Author Of 1 Presentation
PS02.05 - Nanomodulation of microRNAs in Macrophages
Multiple Sclerosis (MS) is characterized by central nervous system infiltration of peripheral immune cells, the largest fraction of which are macrophages. The macrophage role in MS is multifaceted, in a pro-inflammatory or ‘M1’ state instructing demyelination and axonal loss, while the anti-inflammatory ‘M2’ state holds a key role in tissue repair and regeneration. Previously, we have identified that IL-10 inhibition of miR-155 is a prominent mechanism utilized by macrophages to maintain an M2 state. Moreover, using a miR-155 floxed x LysMCre model, where miR-155 is specifically deleted from myeloid cells, there was reduced disease onset and less lesion burden in the experimental autoimmune encephalomyelitis (EAE) animal model. Thus, we hypothesize miR-155 inhibition may favorably modulate the macrophage population to an ‘M2’ or pro-repair phenotype, reducing inflammation, alleviating disease progression, mimicking an IL-10 mediated effect.
To investigate the therapeutic potential of a miR-155 anti-miRNA oligonucleotide (AMO) packaged in nanoparticle-based carriers to enhance uptake into macrophages.
4 AMOs were investigated for their ability to inhibit mir-155 in Raw 264.7 and bone marrow-derived macrophages (BMDM). The downstream effect of macrophage pro-inflammatory function in response to mir-155 inhibition was examined by measuring a range of macrophage polarisation parameters, including pro-inflammatory cytokine and nitric oxide (NO) production, expression of M2 markers Arginase-1 and CD206, two markers intricately tied with metabolism in the context of polarisation. PLGA and novel star-shaped polypeptides were also assessed for in vitro macrophage delivery.
A locked nucleic acid (LNA) modified AMO showed the most promising results for mir-155 inhibition in both Raw 264.7 and BMDM. In further studies we show changes in expression of mir-155 target genes that mimic an IL-10 mediated phenotype, while mir-155 independent increases in M2 marker Arginase-1 suggest a more M2 like phenotype. Additionally, star-shaped polypeptides demonstrate the capacity for AMO delivery to BMDM.
mir-155 inhibition can be achieved through delivery of an AMO, and mimics crucial aspects of an IL-10 mediated macrophage phenotype. Star polypeptides represent a promising avenue towards macrophage-specific uptake and future in vivo delivery in MS animal models.
Author Of 1 Presentation
P0778 - IL-10 promotes myelin repair in an ex vivo model of remyelination and microRNA signatures of ex vivo remyelination (ID 1761)
Multiple sclerosis is an autoimmune disease characterized by peripheral immune infiltration of the CNS and subsequent demyelination of axons, leading in turn to neuron damage and death. This damage can be repaired, however, via a process of remyelination of previous damaged neurons. The cytokine IL-10 has been shown to promote a micro-environment conducive to myelin repair, however the underlying mechanism remains poorly understood. MicroRNAs are known to play a central role in regulating remyelination, and represent a potential means by which IL-10 may influence remyelination. For example, we have previously shown that IL-10 can inhibit the microRNA miR-155 and may influence this process.
To investigate the role of IL-10 in promoting remyelination and to profile global miRNA expression in an ex vivo model of remyelination.
Remyelination was modelled ex vivo by application of the demyelinating drug lysolecithin to cultured organotypic cerebellum and brain stem cultures, then treated with LPS and/or IL-10. The extent of remyelination was assessed using immunofluorescent microscopy and Image J analysis. Additionally, we used a custom designed OpenArray to assess microRNA expression in the demyelination and remyelination phases of this model. The expression of several microRNAs of interest were verified using RT-PCR.
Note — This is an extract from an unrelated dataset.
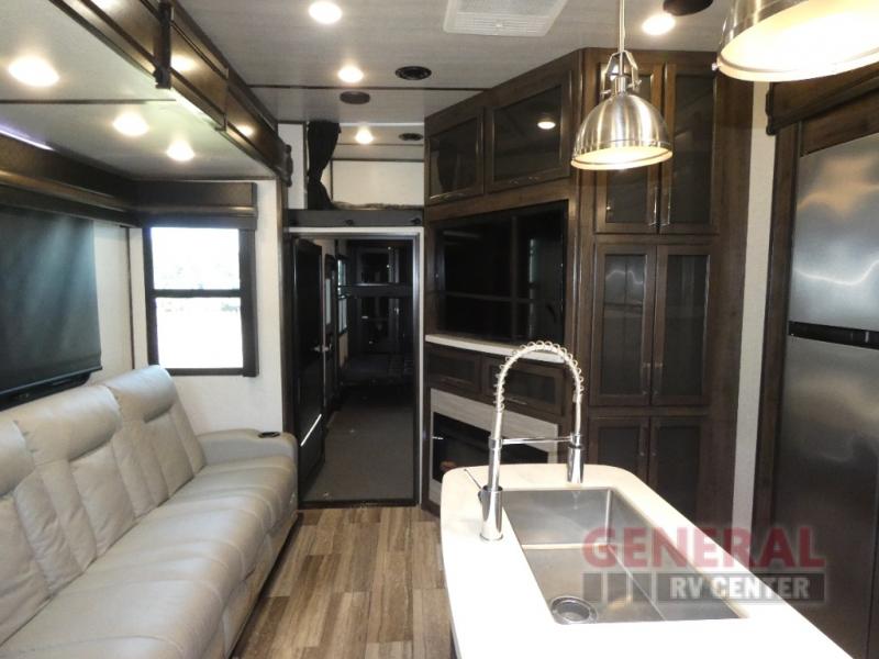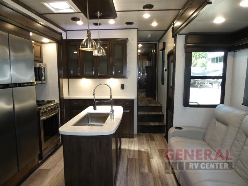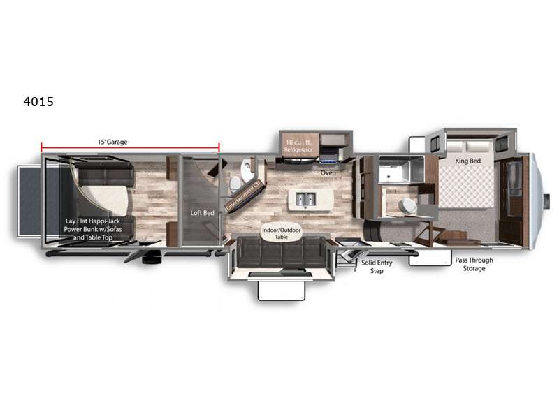 Inside, you'll find accommodations to sleep up to eight people, making it ideal for family vacations or trips with friends. The well-appointed interior features modern amenities and high-quality finishes, ensuring a comfortable and enjoyable stay. Whether you're cooking in the fully equipped kitchen or relaxing in the cozy living area, this RV is designed to meet all your needs. The Voltage 4015 also includes a large garage space, perfect for storing your outdoor gear or converting into additional living space.

Demyelinated slices treated with a combination of LPS and IL-10 show greater remyelination than slices left untreated or that received only one of these stimuli. Moreover, brain slices obtained from miR-155 knockout mice displayed greater basal levels of remyelination, absent of any stimuli and suggest a mechanism by which IL-10 may mediate this effect. Additionally, from the OpenArray, we identified altered expression of several microRNAs across the phases of demyelination and remyelination in the brain slice model. One such microRNA, miR-448, was upregulated at the remyelination phase, and we further illustrate that several targets of this microRNAs are impacted.
IL-10 supports remyelination when combined with the inflammatory stimulus LPS, and possibly may work via miR-155 to promote repair. Several other miRNAs like miR-448 are also modulated during remyelination and may be worth exploring further.